### ASSIGNMENT
Give back exactly the stretch of data below from the line holding "The Dolmena marble" through the line holding "A blue tinted", both ends included, and leave the remaining lines out.
START PROVIDED RECORDS
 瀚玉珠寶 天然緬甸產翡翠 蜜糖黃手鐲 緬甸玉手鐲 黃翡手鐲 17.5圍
END PROVIDED RECORDS
START PROVIDED RECORDS
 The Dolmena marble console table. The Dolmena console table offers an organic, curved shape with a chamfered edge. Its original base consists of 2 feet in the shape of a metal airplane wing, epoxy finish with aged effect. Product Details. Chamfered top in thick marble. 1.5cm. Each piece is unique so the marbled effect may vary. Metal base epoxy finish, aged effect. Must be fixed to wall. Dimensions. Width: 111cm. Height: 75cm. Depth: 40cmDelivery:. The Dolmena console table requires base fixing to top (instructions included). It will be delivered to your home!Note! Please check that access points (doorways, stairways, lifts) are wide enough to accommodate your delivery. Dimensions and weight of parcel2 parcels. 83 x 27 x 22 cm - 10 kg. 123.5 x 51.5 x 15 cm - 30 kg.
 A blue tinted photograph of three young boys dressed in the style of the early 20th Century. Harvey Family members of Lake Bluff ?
END PROVIDED RECORDS
### OUTPUT FOR THIS EXERCISE
 The Dolmena marble console table. The Dolmena console table offers an organic, curved shape with a chamfered edge. Its original base consists of 2 feet in the shape of a metal airplane wing, epoxy finish with aged effect. Product Details. Chamfered top in thick marble. 1.5cm. Each piece is unique so the marbled effect may vary. Metal base epoxy finish, aged effect. Must be fixed to wall. Dimensions. Width: 111cm. Height: 75cm. Depth: 40cmDelivery:. The Dolmena console table requires base fixing to top (instructions included). It will be delivered to your home!Note! Please check that access points (doorways, stairways, lifts) are wide enough to accommodate your delivery. Dimensions and weight of parcel2 parcels. 83 x 27 x 22 cm - 10 kg. 123.5 x 51.5 x 15 cm - 30 kg.
 A blue tinted photograph of three young boys dressed in the style of the early 20th Century. Harvey Family members of Lake Bluff ?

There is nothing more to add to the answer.